Opinion
Surga Digital Nomad, Bukti Lemahnya Imigrasi dan Pajak Indonesia

Gianti Pradipta, Tax Consultant MUC Consulting | Friday, 30 April 2021

Surga Digital Nomad, Bukti Lemahnya Imigrasi dan Pajak Indonesia

Beberapa waktu yang lalu, media sosial dihebohkan dengan cerita wanita berkebangsaan Amerika Serikat (AS)—yang hampir setahun menjadi pengembara digital (digital nomad) di Bali, Indonesia. Videonya viral karena ia mengajak jejaring sosialnya—yang mayoritas warga negara asing—untuk mengikuti jejaknya bekerja jarak jauh dari kawasan surga wisata Bali dengan memanfaatkan kelemahan dan kelengahan pengawasan imigrasi dan perpajakan Indonesia.
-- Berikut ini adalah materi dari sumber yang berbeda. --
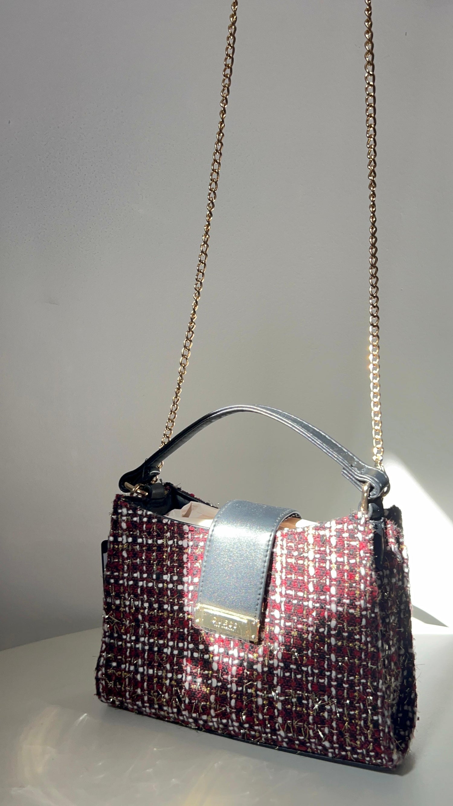 Diseño tipo satchel con una estructura redondeada y está confeccionado en un tejido tipo tweed con detalles en negro y herrajes dorados.
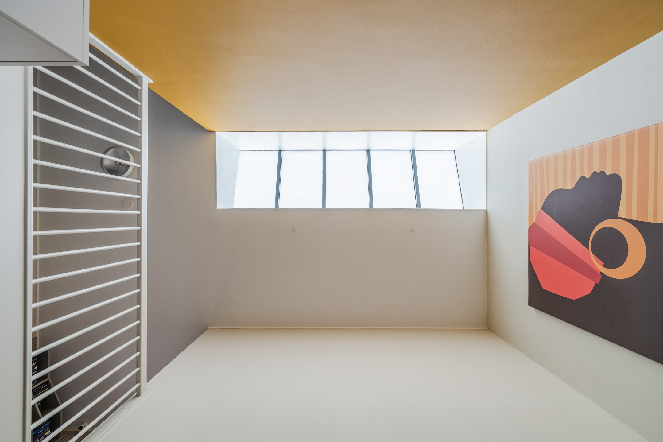 Inside, the home stands out for its unique level differences and sightlines that enhance the sense of space. The sunken living room creates an intimate and cozy seating area, while the elevated kitchen feels bright and open. The mezzanine and skylight provide beautiful natural light and contribute to a luxurious, loft-like atmosphere. The finishing is of a high standard, featuring smooth plastered walls and ceilings, an elegant extra-matte herringbone PVC floor, and stylish acoustic wall panels.
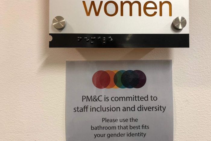 The politically correct instruction was fixed to the wall outside the women’s toilets at the Department of Prime Minister and Cabinet, less than a kilometre from Mr Morrison’s office at Parliament House.
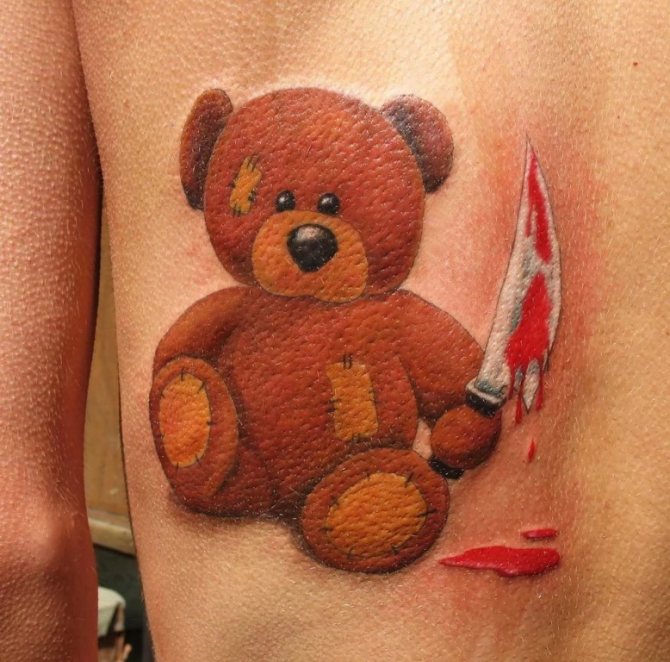 Notes of playfulness give tattoos with a teddy bear with a flower in his hand. Especially beautiful such an image looks on the lower back.
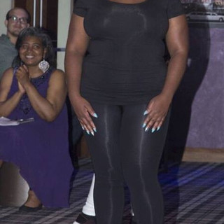 Natina-Mae Whitter escorted by her dress designer; Devon Thomas
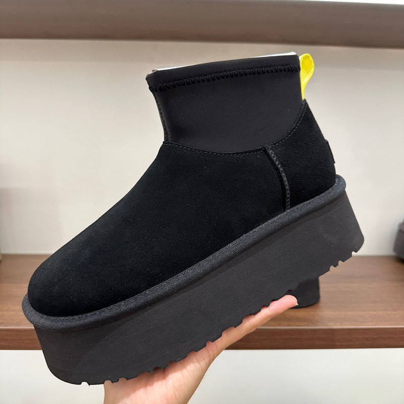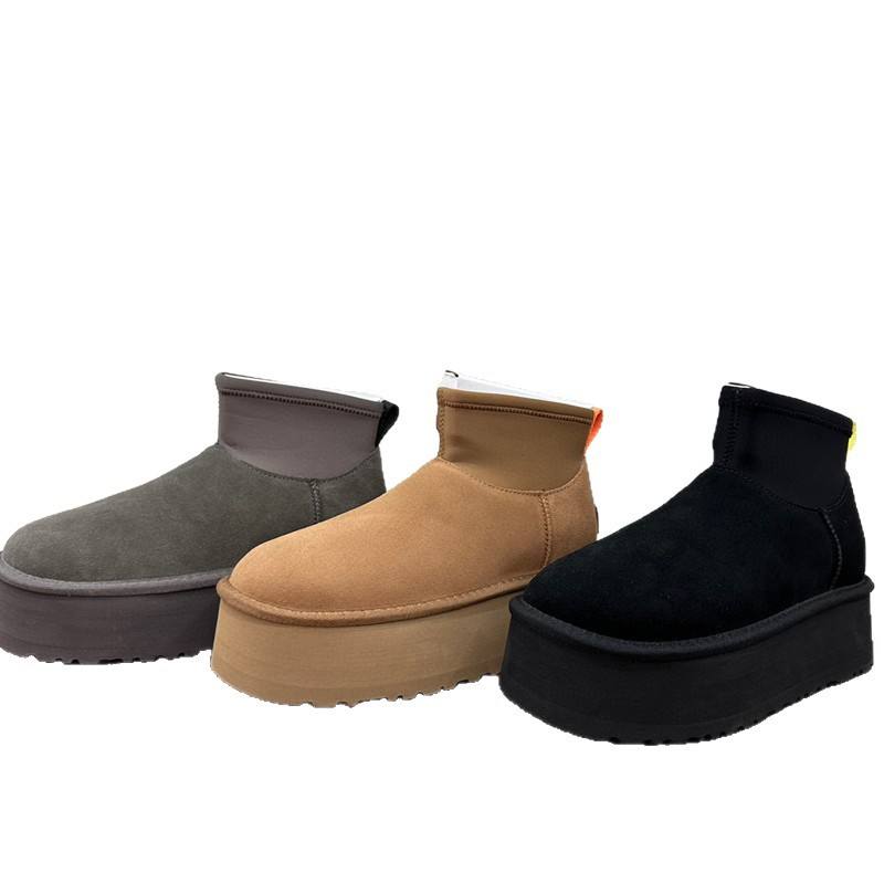 ถุงเท้ายาวแบบยืดได้สำหรับผู้หญิงรองเท้าบูทลุยหิมะหนังแท้เปิดส้นสูงสำหรับฤดูใบไม้ร่วง/ฤดูหนาว
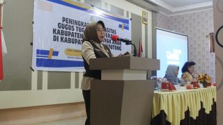 Mout- Bupati Morowali Utara Delis Julkarson Hehi didampingi oleh Ketua TP-PKK Morut sekaligus anggota DPD RI Sulteng Ny. Febriyanthi H.D.J. Hehi
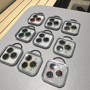 适用于苹果17 13高清透明金属带钻彩膜 16ProMax镜头膜iPhone15摄像头圈14
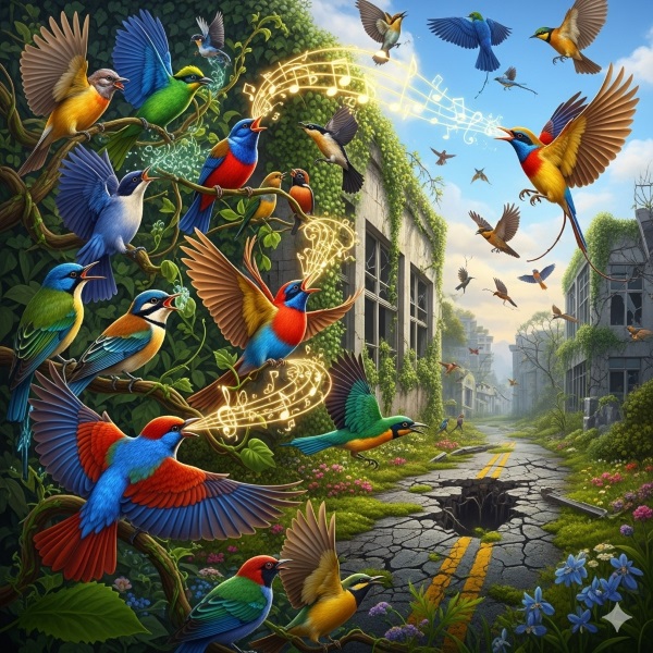Der Gesang der Vögel nach dem "Weltuntergang" - Bild mit Gemini generiert
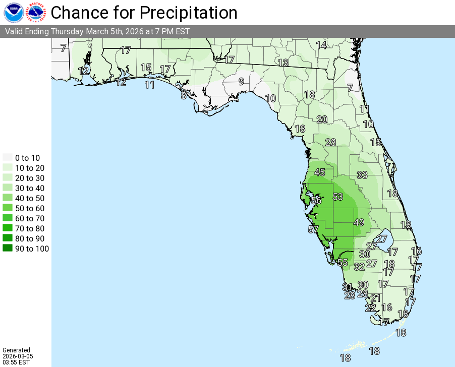 TAMPA BAY, Florida – The National Weather Service Tampa Bay has issued a weather outlook for West Central Florida on Thursday, March 5, 2026, indicating increased chances of showers and thunderstorms this afternoon and evening.
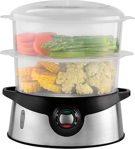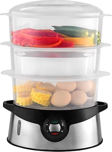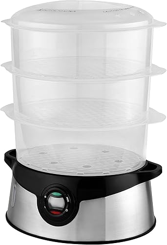 Venga! Cuiseur Vapeur électrique 9 Litres, avec Panier Cuiseur de Riz, 3 Etages, Programmateur sur 24 heures & Minuteur de 90 minutes, 800 W, Noir/Argenté, VG DG 3000
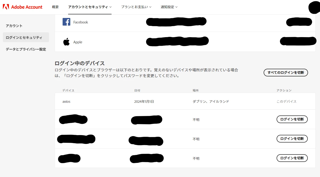 「ログイン中のデバイス」に知らないデバイスが接続されていた形跡あり
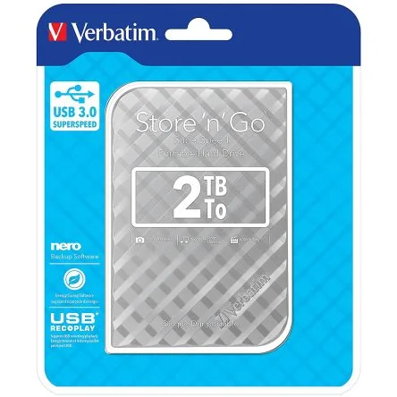 Easily store and transfer files with the Verbatim 2 TB Portable Hard Drive featuring USB 3.0 speed.
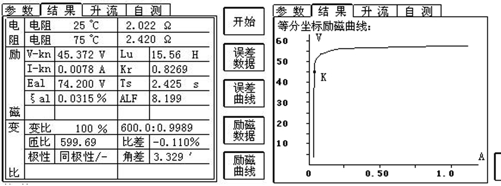 此次使用CTP-220 互感器測試儀完成所有互感器綜合特性測試,該款測試儀采用最新方波法技術,測試時間較傳統(tǒng)測試儀大約縮短50%,可完成保護類、計量類、TP類等各類型CT的勵磁特性、變比、極性、二次繞組電阻、二次負荷、比差以及角差等測試,可進行各類PT電磁單元的特性測試,能應對拐點高達30kV的CT測試,接線簡單,一鍵測試,高效穩(wěn)定。 設備自動給出拐點電壓/電流、10%(5%)誤差曲線、準確限值系數(shù)(ALF)、儀表保安系數(shù)(FS)、二次時間常數(shù)(Ts)、剩磁系數(shù)(Kr)、飽和及不飽和電感等參數(shù),軟件自動進行數(shù)據(jù)分析,并生成測試報告。
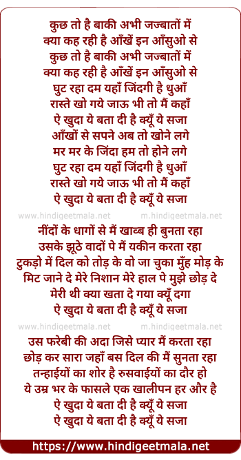 Lyrics of Aye Khuda Yeh Bat - ऐ खुदा ये बता

Sontak, pengakuan turis AS ini mendapat kecaman dari netizen Indonesia. Karena selain menyalahgunakan visa turis untuk bekerja, ia dipastikan tidak membayar pajak penghasilan (PPh) seperti ekspatriat pada umumnya, dan yang paling parah mendorong migrasi wisatawan mancanegara ke Bali di tengah upaya Indonesia berjuang mengatasi pandemi Covid-19.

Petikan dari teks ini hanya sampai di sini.